> **Dataset extract**:
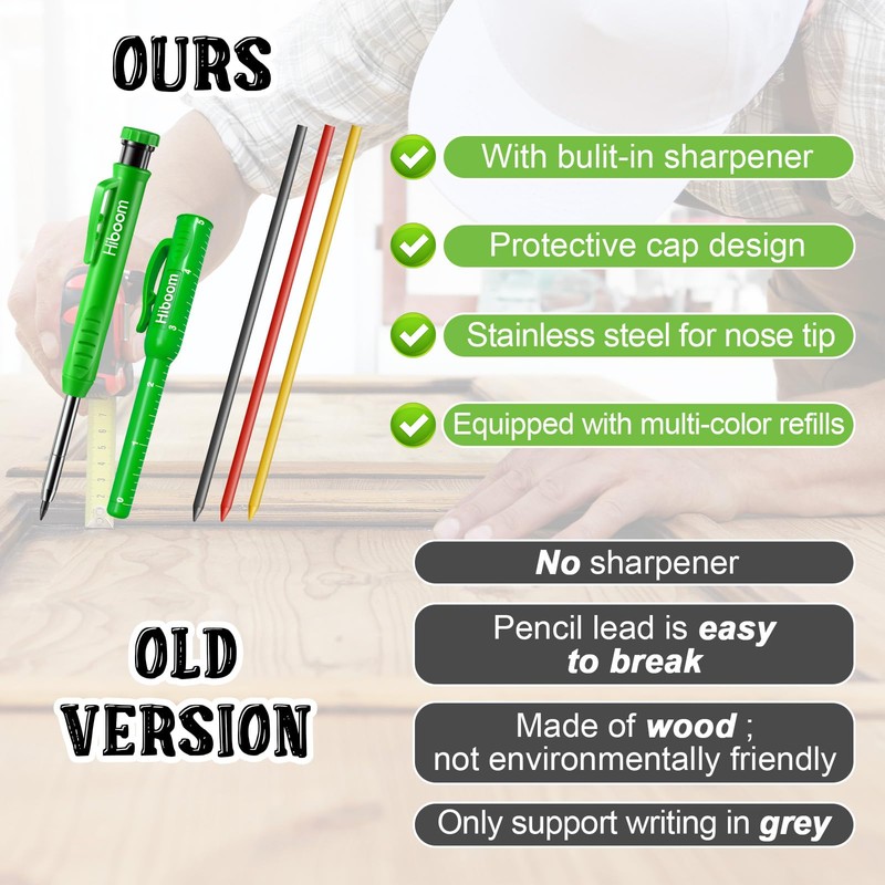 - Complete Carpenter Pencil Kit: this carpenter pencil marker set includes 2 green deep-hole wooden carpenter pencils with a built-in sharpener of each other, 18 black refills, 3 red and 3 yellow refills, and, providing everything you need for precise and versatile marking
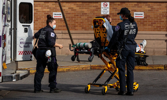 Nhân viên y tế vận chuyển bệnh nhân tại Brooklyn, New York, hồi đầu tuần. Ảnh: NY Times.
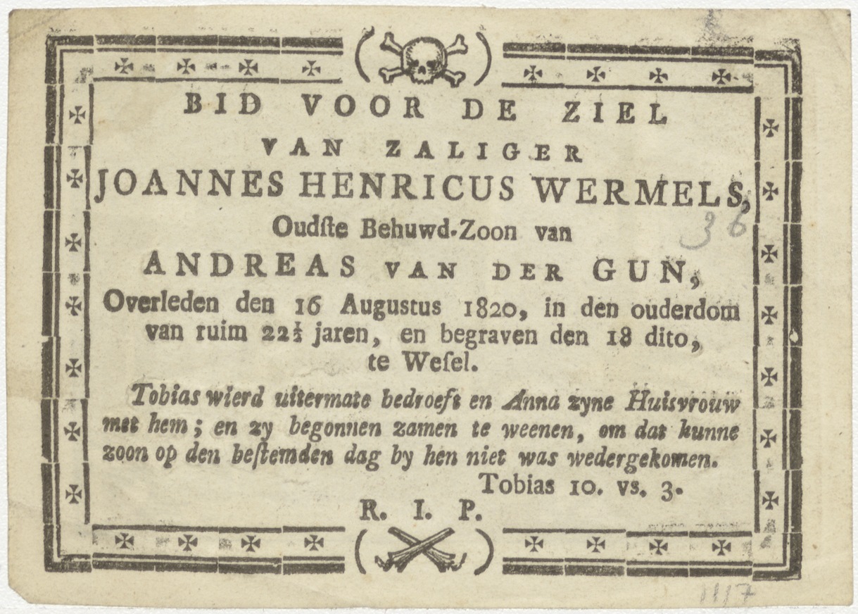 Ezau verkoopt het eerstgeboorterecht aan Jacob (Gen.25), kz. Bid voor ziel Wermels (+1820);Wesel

> **Problem details**:
Restate the listing above word for word and skip each picture.

> **Finished task**:
 - Complete Carpenter Pencil Kit: this carpenter pencil marker set includes 2 green deep-hole wooden carpenter pencils with a built-in sharpener of each other, 18 black refills, 3 red and 3 yellow refills, and, providing everything you need for precise and versatile marking
 Nhân viên y tế vận chuyển bệnh nhân tại Brooklyn, New York, hồi đầu tuần. Ảnh: NY Times.
 Ezau verkoopt het eerstgeboorterecht aan Jacob (Gen.25), kz. Bid voor ziel Wermels (+1820);Wesel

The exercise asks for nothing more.